Portuguese politician and judicial magistrate

Diogo de Barcelos Machado Bettencourt (Angra do Heroísmo; 8 August 1847 — Angra do Heroísmo, 16 October 1922) was a politician and judicial magistrate, as well as judge for several districts in the Azores, as well as Civil Governor of Horta.

==Early life==
He was the son of Francisco de Paula de Barcelos Machado de Bettencourt (born 1825), knight and nobleman in the Royal Household and commander in the Order of Christ, and D. Maria Isabel Barcelos do Canto e Teive de Gusmão (born 19 April 1907).

He obtained a bachelor's degree in law at the University of Coimbra.

==Career==
He was a representative on the Public Ministry for administrative tribunals of the city of Angra do Heroísmo and Braga, and also along with other judges, a fiscal judge for the city of Funchal, on the island of Madeira.

He was appointed as regional prosecutor for Praia da Vitória, on the island of Terceira.

===Civil Governor===
But, between 1899 and 1900, he was appointed Civil Governor of the District of Horta, by decree dated 20 July 1899. Diogo de Barcelos Machado Bettencourt's swearing in (to the Minister of the Interior) was handled on 10 August of that year, but he only arrived in Faial two months later, on 12 October.
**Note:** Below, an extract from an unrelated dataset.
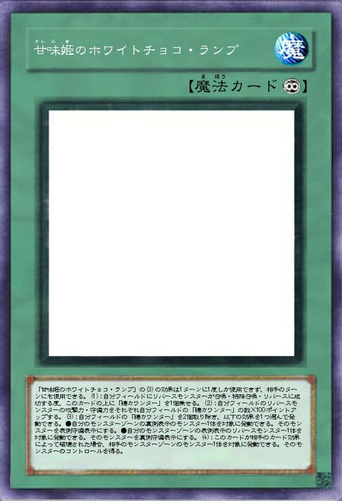 | 「甘味姫のホワイトチョコ・ランプ」の(3)の効果は1ターンに1度しか使用できず、相手のターンにも使用できる。(1):自分フィールドにリバースモンスターが召喚・特殊召喚・リバースに成功する度、このカードの上に「糖カウンター」を1個乗せる。(2):自分フィールドのリバースモンスターの攻撃力・守備力をそれぞれ自分フィールドの「糖カウンター」の数×100ポイントアップする。(3):自分フィールドの「糖カウンター」を2個取り除き、以下の効果を1つ選んで発動できる。●自分のモンスターゾーンの裏側表示のモンスター1体を対象に発動できる。そのモンスターを表側守備表示にする。●自分のモンスターゾーンの表側表示のリバースモンスター1体を対象に発動できる。そのモンスターを裏側守備表示にする。(4):このカードが相手のカード効果によって破壊された場合、相手のモンスターゾーンのモンスター1体を対象に発動できる。その | |||

This delay was caused by an outbreak of Bubonic plague in the city of Porto, during the summer of 1899, resulting in measures that made it difficult to communicate with the Azores. In the case of Horta, the previous governor (José Ferreira Nestor Madruga), had established measures prohibiting contacts with ships coming directly from the Continent. Further, there were also measures by the local District Board of Health, that prevented people from the district from making contact with the contagion. Although these measures caused a degree of discomfort, many of the traders working in the district suffered incalculable losses. Due to these conditions, the new governor only arrived in the district on board a ship from Funchal on 12 October 1899.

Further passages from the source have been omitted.